• [Goal of the exercise] Word for word, restate the lines from the top of the records below through the line with "作为一款面向全年龄段陪伴场景", both included, with no pictures in the result.

[Information Boundary: Start]

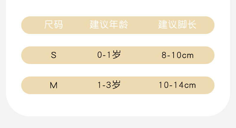 • S (권장 0-12 개월, 권장 발 길이 8-10cm)
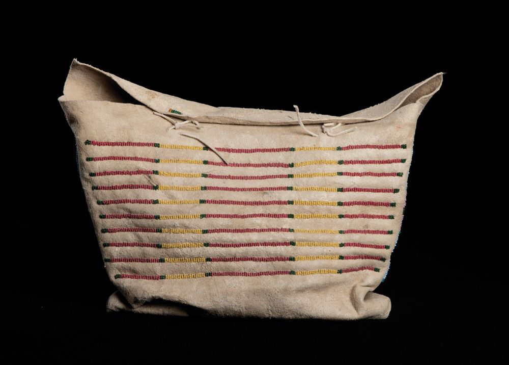 Cheyenne Beaded Possible Bag. With classic line beading in deep red, green and yellow. Sides fully beaded with green designs on pink and blue fields. Circa 1900, 9 1/2" x 15"
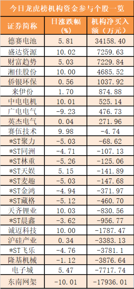 盘后龙虎榜数据显示,机构现身25股,其中德赛电池等9只股票呈现机构资金净买入,东南网架等16股呈现机构资金净卖出。
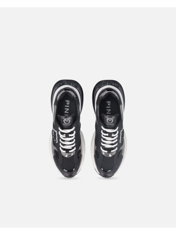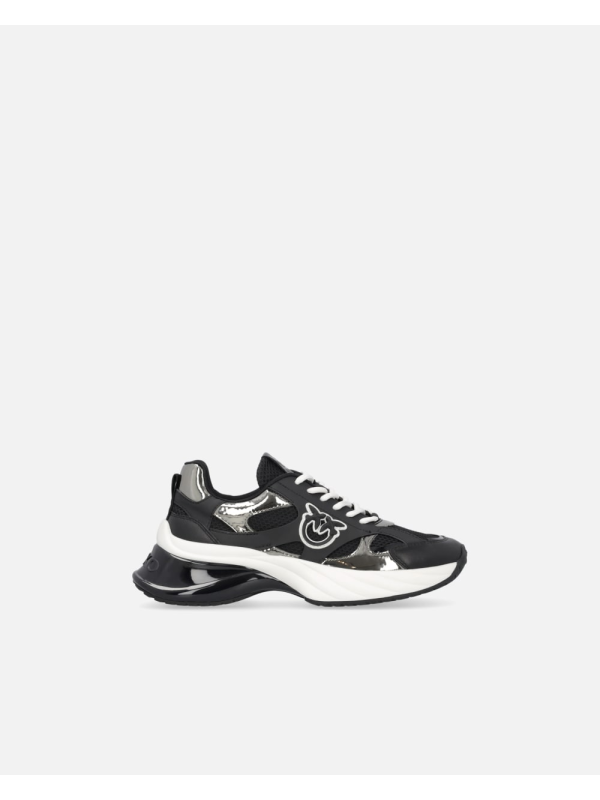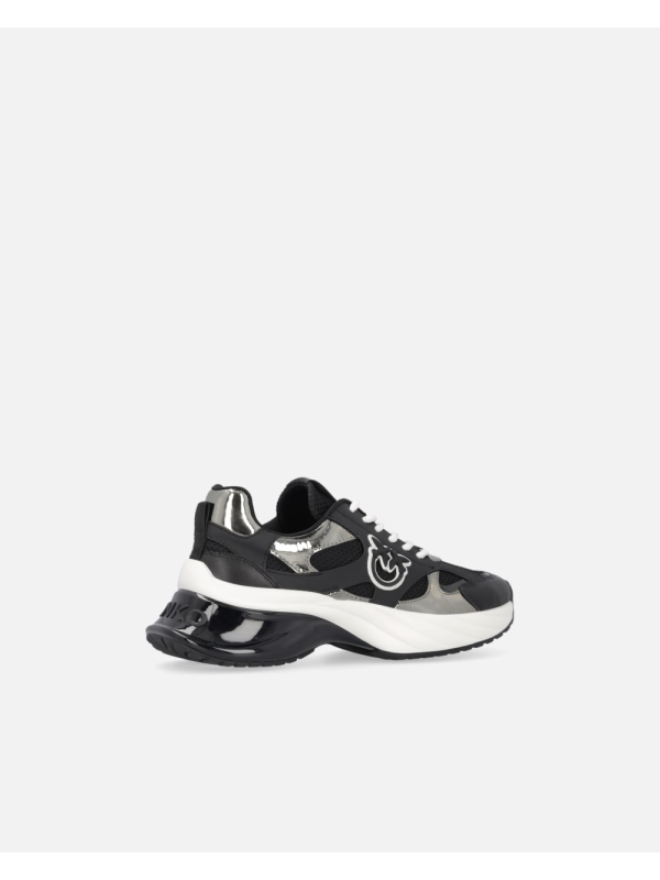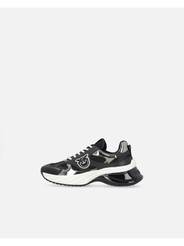 Ženske crne Pinko tenisice s logom i zrcalno sivim detaljem
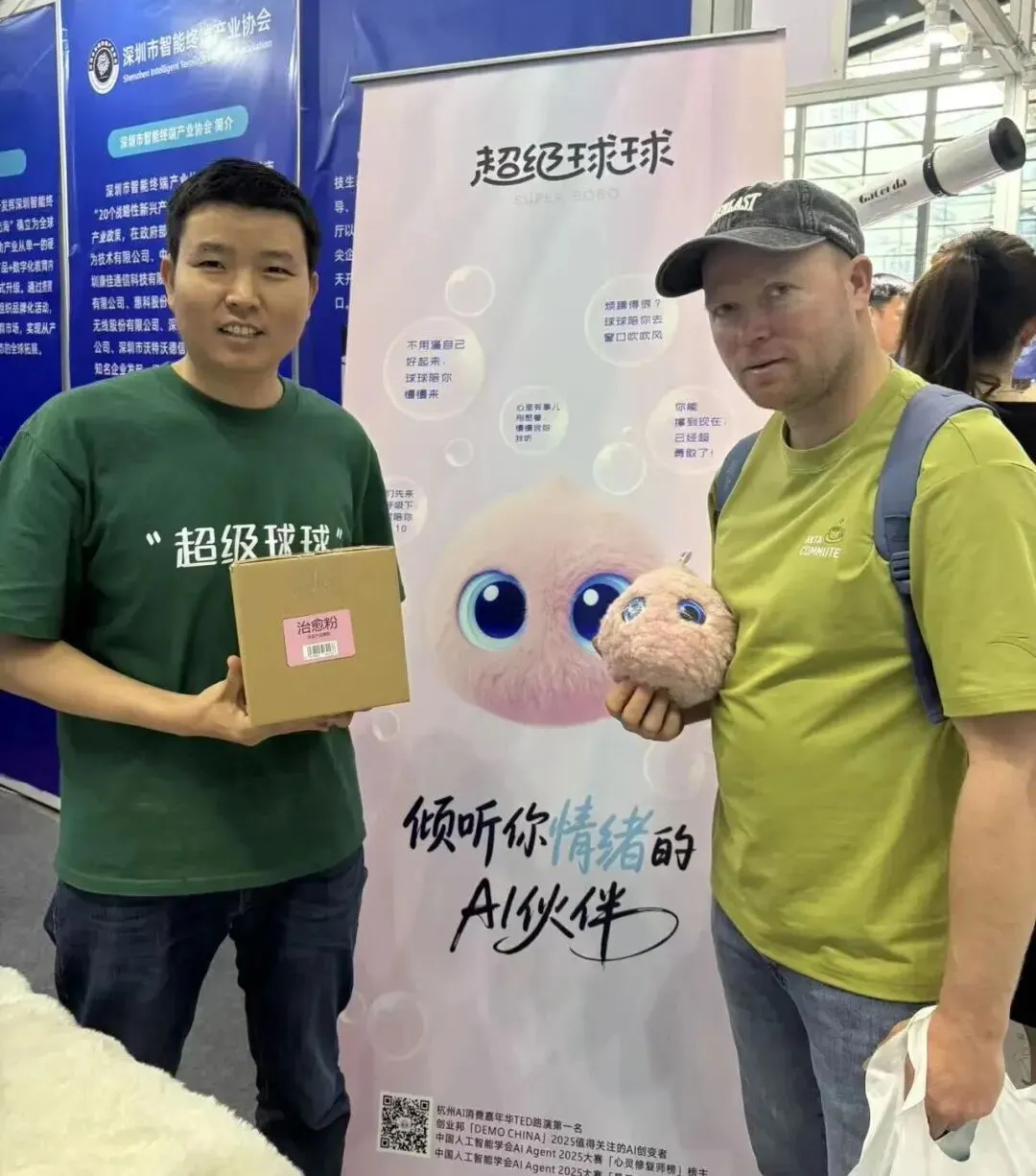 作为一款面向全年龄段陪伴场景的AI产品,超级球球集心理建模、情绪识别、共情对话、情绪疏导与长期陪伴等功能于一体,其软萌的外观设计与富有童趣的交互表达,吸引了来自不同国家、不同年龄层的观众及多方机构代表驻足体验。
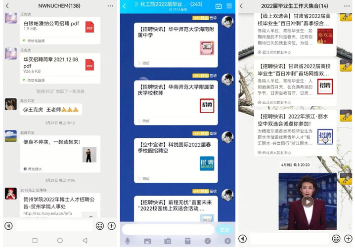 学院辅导员老师充分利用学校官方就业信息推送公众号、兄弟院校就业信息发布平台等实时收集各专业相关就业信息,从毕业生就业需求出发,积极通过国家24365大学生就业服务平台、班主任微信群、毕业生QQ群等多种平台实现就业信息收集、发布全覆盖。
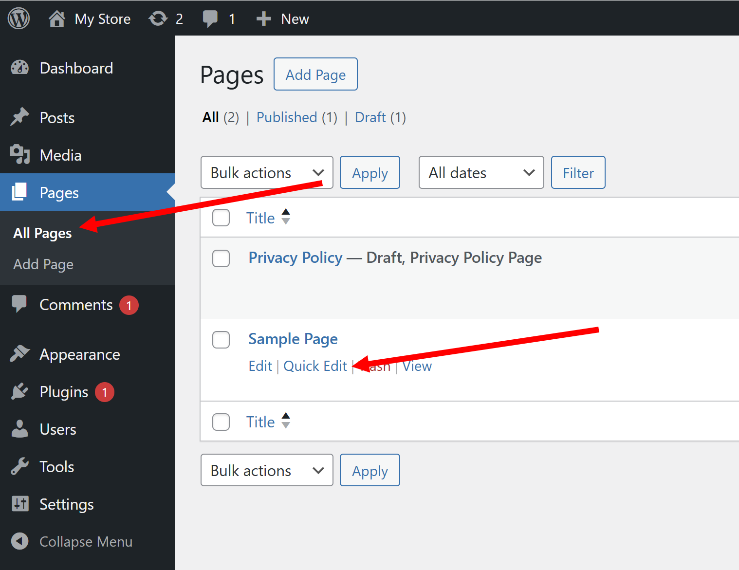 25)관리자페이지 좌측의 pages 메뉴에서 all pages로 이동합니다. 링크 주소를 설정하련는 페이지의 quick edit로 이동합니다.
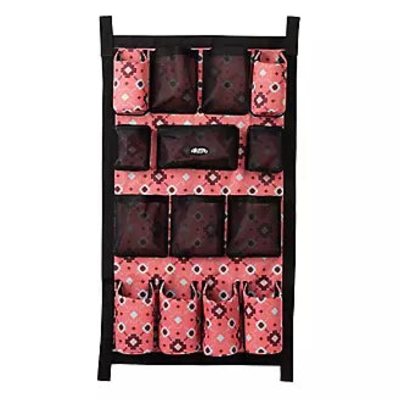 Organize your grooming essentials with the Weaver Leather Trailer Grooming Bag. Constructed of 600D polyester, this bag conveniently hangs wherever you need it. With a variety of storage options including open and zippered mesh pockets and padded compartments, it is perfect for storing brushes, combs, bottles, cans, and more. Measures 23″W x 39″H
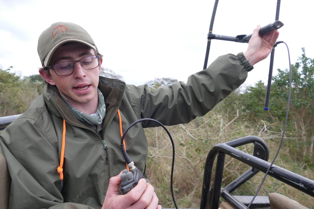 The operator starts by scanning the widest area and turns the antenna in all directions listening for a beeping sound from the receiver. Once they have figured out the direction of the animal, they make the area they are searching smaller (that’s dialing down the gain) to find a more precise position. The size of the area they are searching, th loudness of the beeping, and the direction in which the operator is pointing the antenna will give an approximate position for the animal.
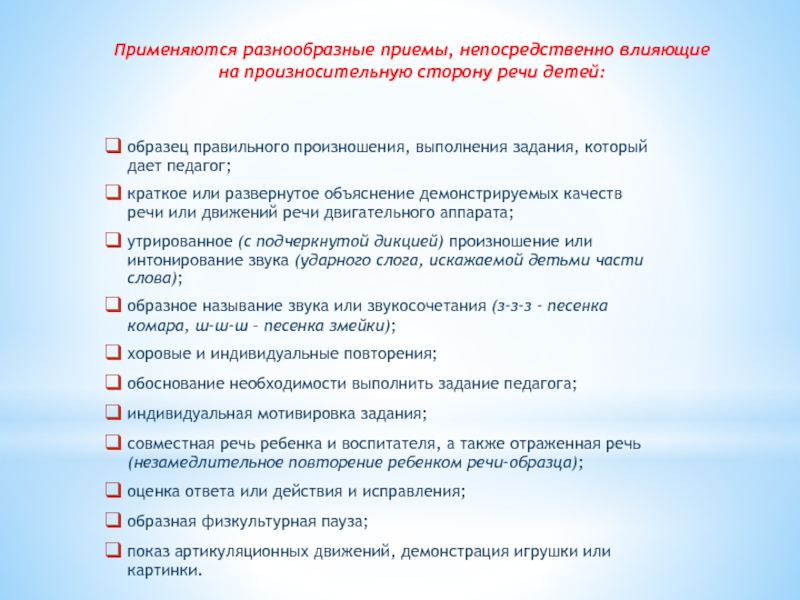 Слайд 16Применяются разнообразные приемы, непосредственно влияющие на произносительную сторону речи детей:
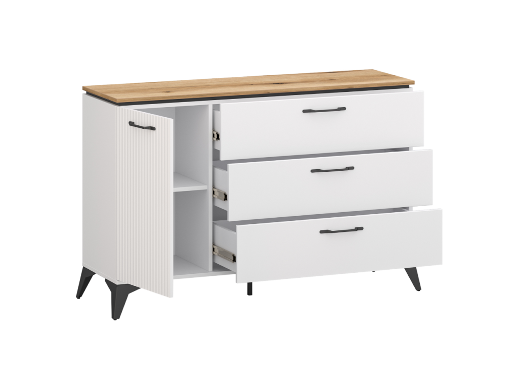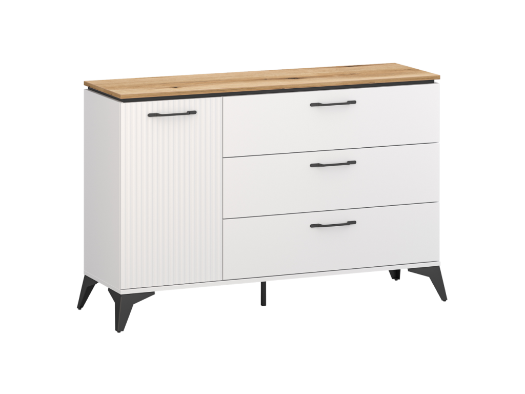 Komoda, biela/dub evoke, VELIS 1D3S
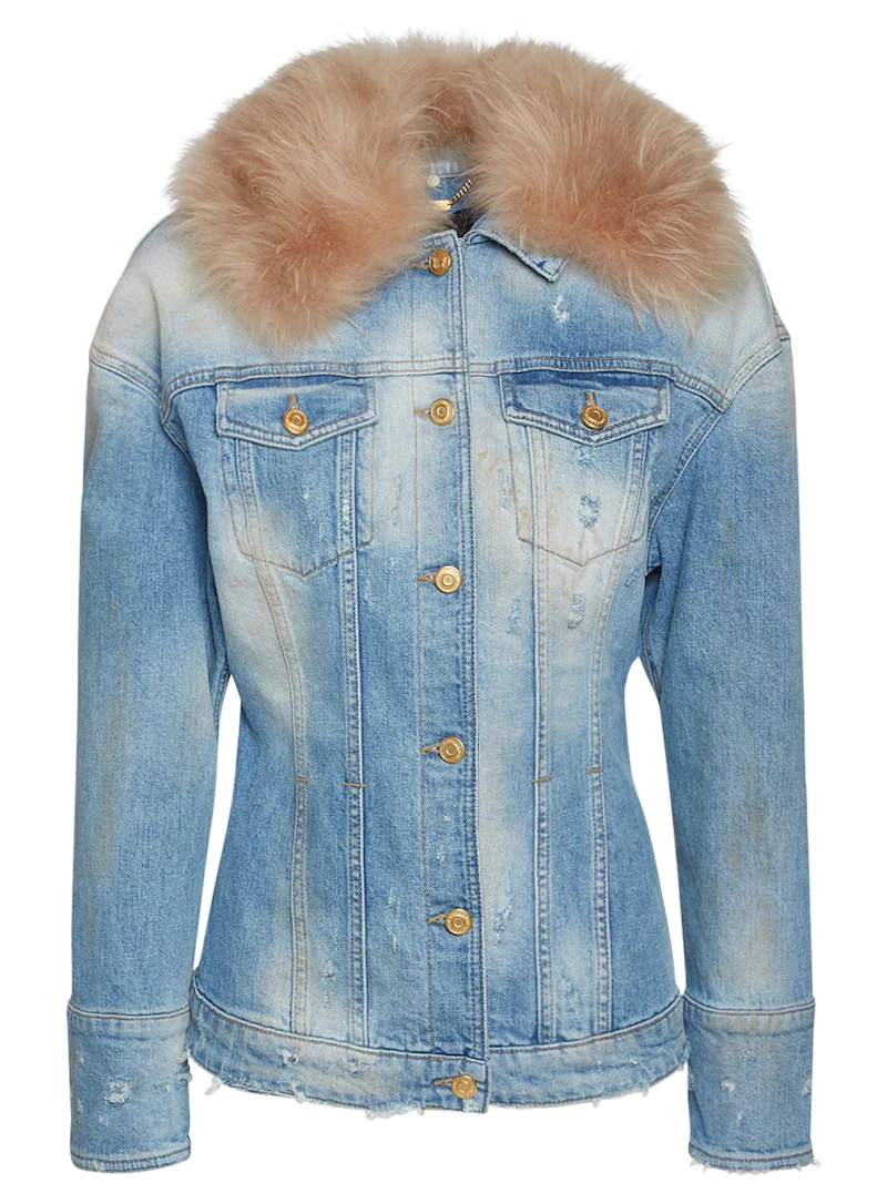 블루마린 코튼 데님 자켓 w/ 인조모피 카라 3557802 여성
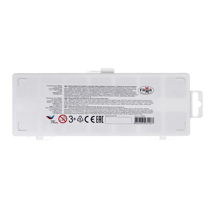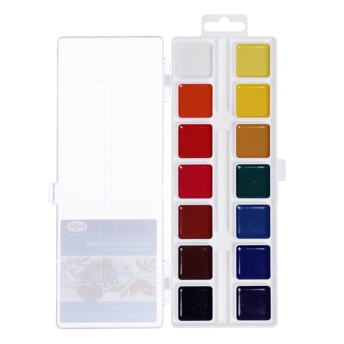 Акварель безопасна для детей. Удобный пластиковый пенал, крышка плотно фиксируется и служит палитрой для смешивания красок.
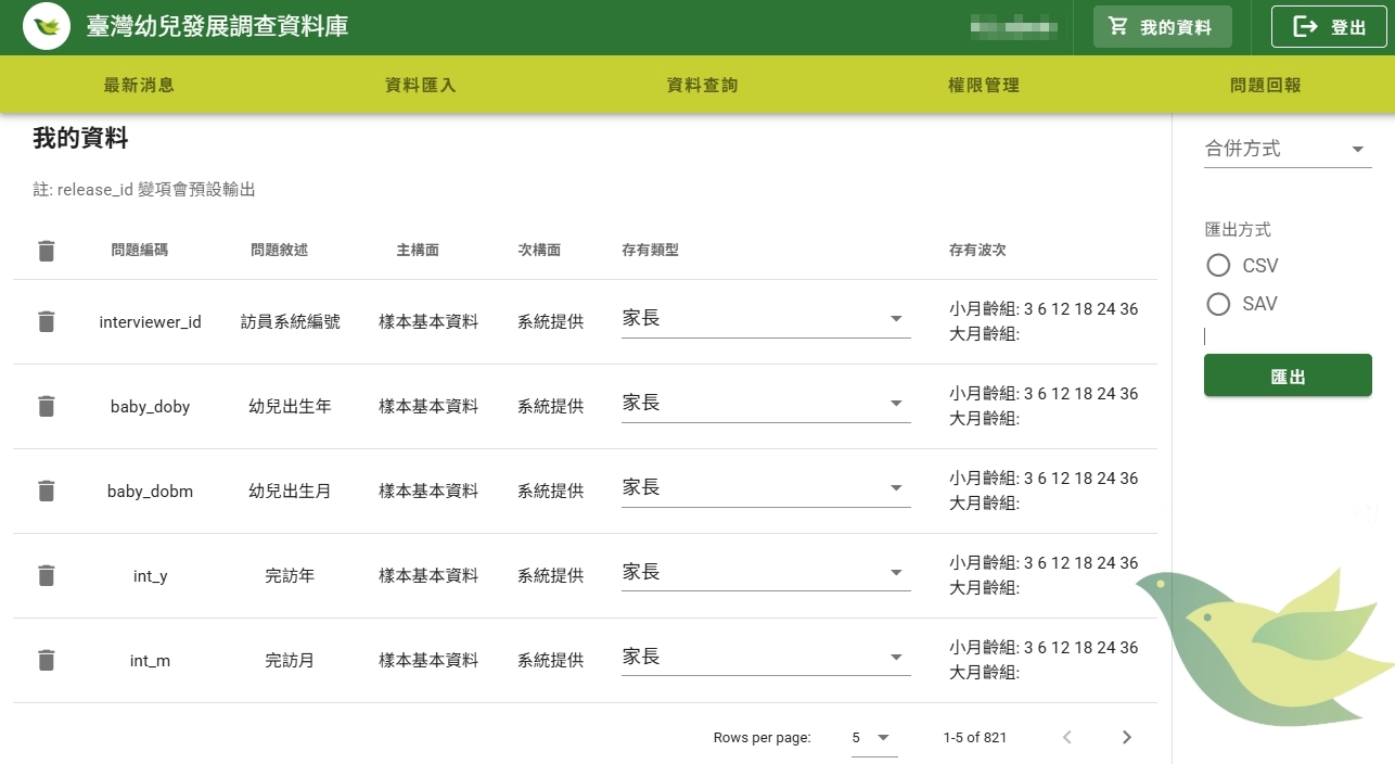 (2) 選擇【匯出方式】:可選擇SPSS的.sav格式。另外提供原始資料檔的.csv格式(可以Excel開啟,該檔案中的第二個工作頁即為SPSS檔案中的變數視圖)
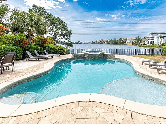 Welcome to this stunning lakeside retreat offering the perfect blend of luxury and tranquility. Nestled along the serene shores of the lake, this magnificent property boasts a spacious layout with four bedrooms and three baths downstairs, complemented by three bedrooms and two baths upstairs to allow for ample space for everyone. As you step inside, you'll be greeted by a grand foyer that leads you into the heart of the home. The main level features an expansive living area, ideal for entertaining guests or relaxing with family. With ample natural light streaming in through large windows, every corner of the house is bathed in warmth and brightness. The gourmet kitchen is a chef's dream, complete with high-end appliances including a gas cooktop range with double ovens. Adjacent to the kitchen, the dining area offers picturesque views of the lake, making every meal a delightful experience. Conveniently located on the first floor with patio and pool access, the primary bedroom provides a peaceful sanctuary.  Each guest bedroom is thoughtfully designed with comfort and style in mind.  Step outside to discover a private oasis perfect for outdoor gatherings, featuring a lake-front pool and hot tub.  Whether you're lounging by the pool or watching the game fireside with friends, this backyard paradise is sure to impress. With its prime location and Destiny East's desirable amenities, including a large pool, two lighted tennis/pickle ball courts, a clubhouse with a gym, party room and theater, this home is a rare opportunity.  Whether you are seeking a second or primary home or investment property, this incredible property is sure to exceed your expectations.
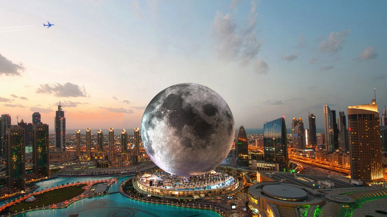 Trong khối cầu là một khách sạn 20 tầng với trải nghiệm mặt trăng được đặt trên đỉnh.

[Information Boundary: End]

• [Result]
 • S (권장 0-12 개월, 권장 발 길이 8-10cm)
 Cheyenne Beaded Possible Bag. With classic line beading in deep red, green and yellow. Sides fully beaded with green designs on pink and blue fields. Circa 1900, 9 1/2" x 15"
 盘后龙虎榜数据显示,机构现身25股,其中德赛电池等9只股票呈现机构资金净买入,东南网架等16股呈现机构资金净卖出。
 Ženske crne Pinko tenisice s logom i zrcalno sivim detaljem
 作为一款面向全年龄段陪伴场景的AI产品,超级球球集心理建模、情绪识别、共情对话、情绪疏导与长期陪伴等功能于一体,其软萌的外观设计与富有童趣的交互表达,吸引了来自不同国家、不同年龄层的观众及多方机构代表驻足体验。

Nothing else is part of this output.